---------- ENTRIES PROVIDED

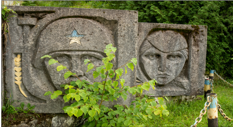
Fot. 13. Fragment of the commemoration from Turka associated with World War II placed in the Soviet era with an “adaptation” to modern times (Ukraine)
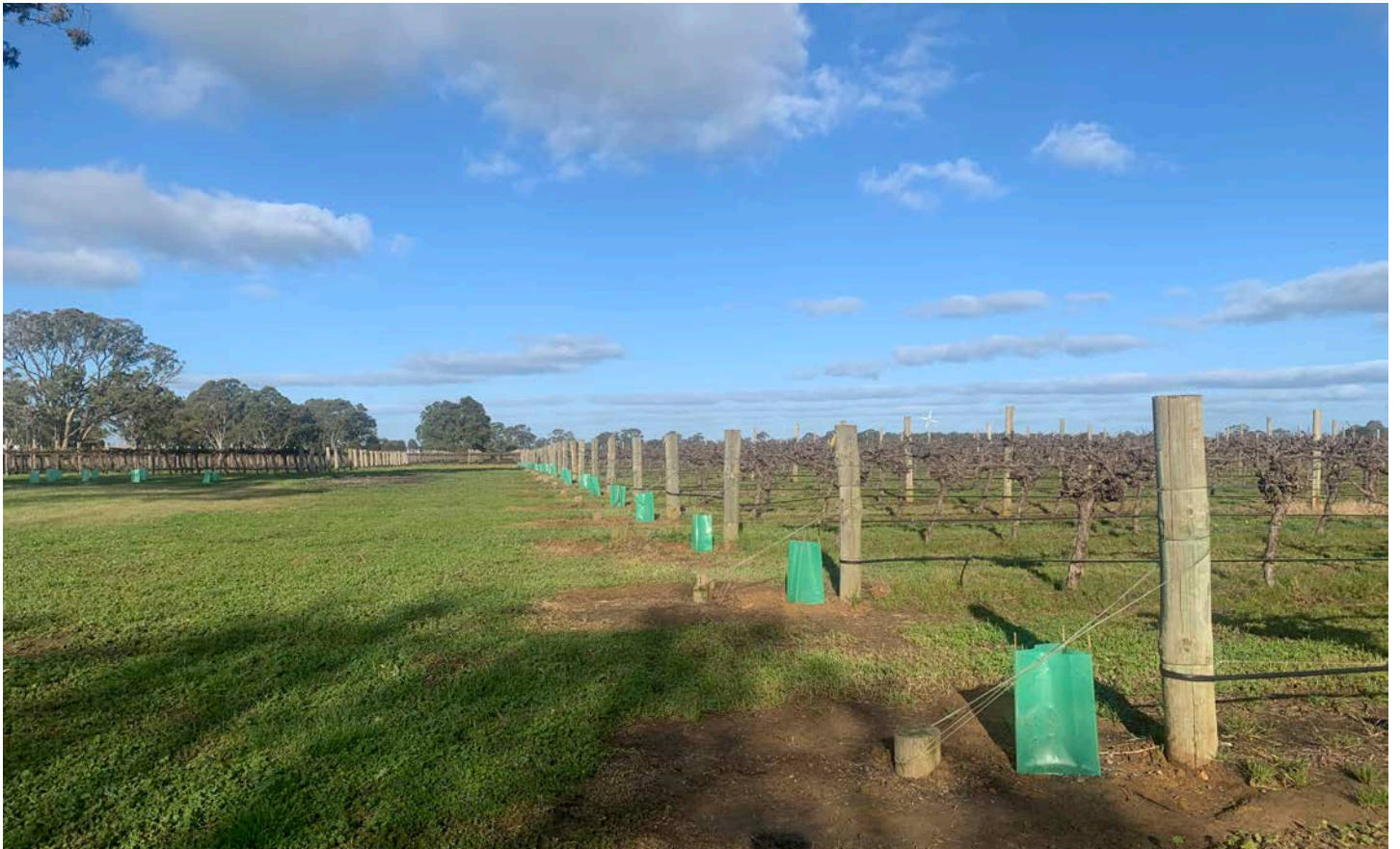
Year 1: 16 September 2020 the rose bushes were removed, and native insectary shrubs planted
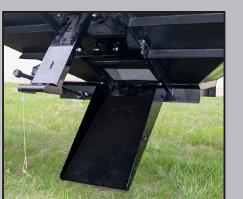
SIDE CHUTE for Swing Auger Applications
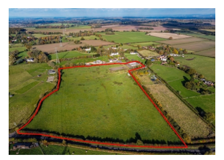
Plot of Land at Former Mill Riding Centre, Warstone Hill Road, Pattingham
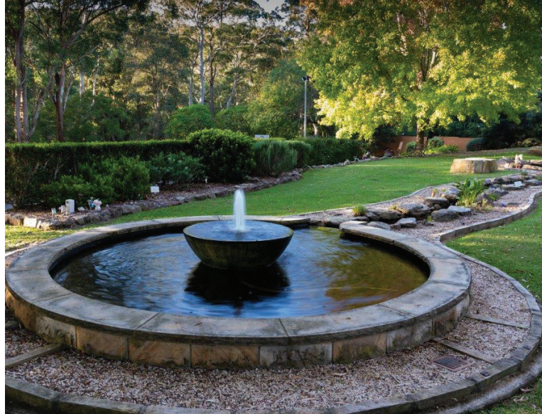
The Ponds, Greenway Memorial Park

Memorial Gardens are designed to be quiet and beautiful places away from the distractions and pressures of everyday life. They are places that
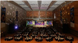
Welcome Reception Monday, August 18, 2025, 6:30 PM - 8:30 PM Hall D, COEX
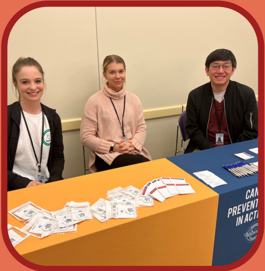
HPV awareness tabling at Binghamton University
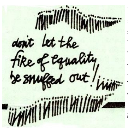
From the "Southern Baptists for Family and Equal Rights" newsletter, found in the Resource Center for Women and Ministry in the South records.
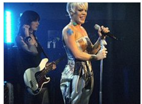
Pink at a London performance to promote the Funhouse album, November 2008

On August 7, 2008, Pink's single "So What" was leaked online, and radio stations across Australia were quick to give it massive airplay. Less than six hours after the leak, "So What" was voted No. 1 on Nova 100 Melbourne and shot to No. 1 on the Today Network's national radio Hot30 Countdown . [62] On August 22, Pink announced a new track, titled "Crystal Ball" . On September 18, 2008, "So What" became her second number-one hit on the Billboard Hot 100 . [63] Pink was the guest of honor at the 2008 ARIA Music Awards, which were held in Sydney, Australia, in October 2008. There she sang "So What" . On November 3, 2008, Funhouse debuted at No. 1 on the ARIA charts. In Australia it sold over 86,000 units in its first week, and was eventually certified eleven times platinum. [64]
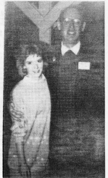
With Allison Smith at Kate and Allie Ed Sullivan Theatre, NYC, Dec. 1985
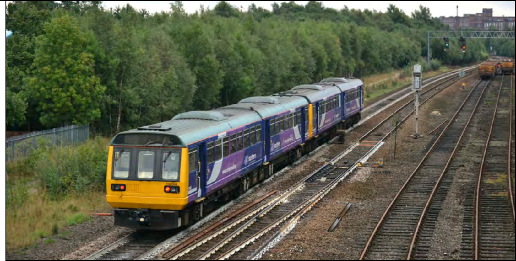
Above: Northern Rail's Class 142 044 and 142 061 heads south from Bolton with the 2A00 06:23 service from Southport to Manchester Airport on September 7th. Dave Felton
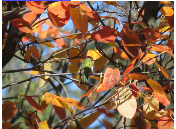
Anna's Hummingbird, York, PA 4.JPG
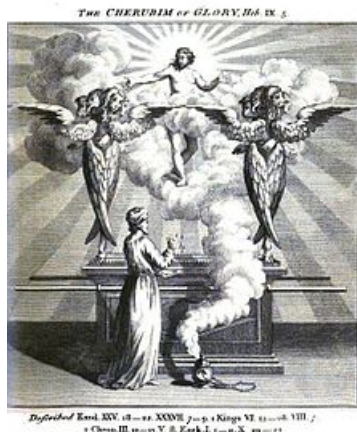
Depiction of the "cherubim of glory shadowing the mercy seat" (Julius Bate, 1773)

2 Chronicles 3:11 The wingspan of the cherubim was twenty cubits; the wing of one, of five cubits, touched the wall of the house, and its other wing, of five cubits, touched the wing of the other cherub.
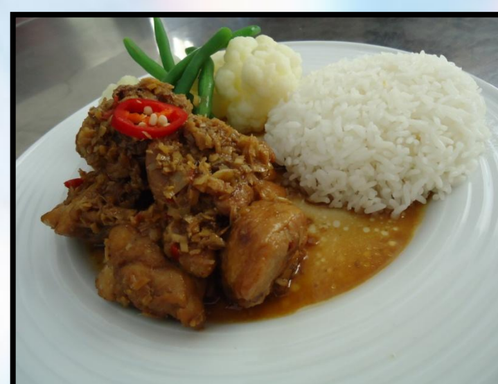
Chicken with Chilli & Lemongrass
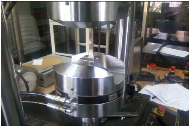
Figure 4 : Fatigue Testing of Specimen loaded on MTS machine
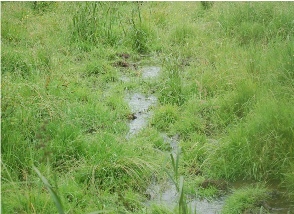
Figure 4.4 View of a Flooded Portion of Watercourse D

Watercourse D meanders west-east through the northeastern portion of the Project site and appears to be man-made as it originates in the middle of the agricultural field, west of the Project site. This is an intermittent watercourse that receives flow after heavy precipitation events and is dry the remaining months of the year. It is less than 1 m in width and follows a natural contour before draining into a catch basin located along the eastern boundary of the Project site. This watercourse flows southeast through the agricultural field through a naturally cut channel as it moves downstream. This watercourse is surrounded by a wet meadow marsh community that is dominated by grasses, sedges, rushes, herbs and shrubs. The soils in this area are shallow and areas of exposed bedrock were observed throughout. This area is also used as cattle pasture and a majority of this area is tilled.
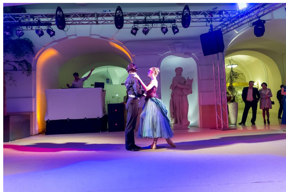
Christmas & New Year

--------------------

**TASK BRIEF**
Please copy out the entries above exactly as they appear, but skip their images.

**ANSWER TO THE EXERCISE**
Fot. 13. Fragment of the commemoration from Turka associated with World War II placed in the Soviet era with an “adaptation” to modern times (Ukraine)
Year 1: 16 September 2020 the rose bushes were removed, and native insectary shrubs planted
SIDE CHUTE for Swing Auger Applications
Plot of Land at Former Mill Riding Centre, Warstone Hill Road, Pattingham
The Ponds, Greenway Memorial Park

Memorial Gardens are designed to be quiet and beautiful places away from the distractions and pressures of everyday life. They are places that
Welcome Reception Monday, August 18, 2025, 6:30 PM - 8:30 PM Hall D, COEX
HPV awareness tabling at Binghamton University
From the "Southern Baptists for Family and Equal Rights" newsletter, found in the Resource Center for Women and Ministry in the South records.
Pink at a London performance to promote the Funhouse album, November 2008

On August 7, 2008, Pink's single "So What" was leaked online, and radio stations across Australia were quick to give it massive airplay. Less than six hours after the leak, "So What" was voted No. 1 on Nova 100 Melbourne and shot to No. 1 on the Today Network's national radio Hot30 Countdown . [62] On August 22, Pink announced a new track, titled "Crystal Ball" . On September 18, 2008, "So What" became her second number-one hit on the Billboard Hot 100 . [63] Pink was the guest of honor at the 2008 ARIA Music Awards, which were held in Sydney, Australia, in October 2008. There she sang "So What" . On November 3, 2008, Funhouse debuted at No. 1 on the ARIA charts. In Australia it sold over 86,000 units in its first week, and was eventually certified eleven times platinum. [64]
With Allison Smith at Kate and Allie Ed Sullivan Theatre, NYC, Dec. 1985
Above: Northern Rail's Class 142 044 and 142 061 heads south from Bolton with the 2A00 06:23 service from Southport to Manchester Airport on September 7th. Dave Felton
Anna's Hummingbird, York, PA 4.JPG
Depiction of the "cherubim of glory shadowing the mercy seat" (Julius Bate, 1773)

2 Chronicles 3:11 The wingspan of the cherubim was twenty cubits; the wing of one, of five cubits, touched the wall of the house, and its other wing, of five cubits, touched the wing of the other cherub.
Chicken with Chilli & Lemongrass
Figure 4 : Fatigue Testing of Specimen loaded on MTS machine
Figure 4.4 View of a Flooded Portion of Watercourse D

Watercourse D meanders west-east through the northeastern portion of the Project site and appears to be man-made as it originates in the middle of the agricultural field, west of the Project site. This is an intermittent watercourse that receives flow after heavy precipitation events and is dry the remaining months of the year. It is less than 1 m in width and follows a natural contour before draining into a catch basin located along the eastern boundary of the Project site. This watercourse flows southeast through the agricultural field through a naturally cut channel as it moves downstream. This watercourse is surrounded by a wet meadow marsh community that is dominated by grasses, sedges, rushes, herbs and shrubs. The soils in this area are shallow and areas of exposed bedrock were observed throughout. This area is also used as cattle pasture and a majority of this area is tilled.
Christmas & New Year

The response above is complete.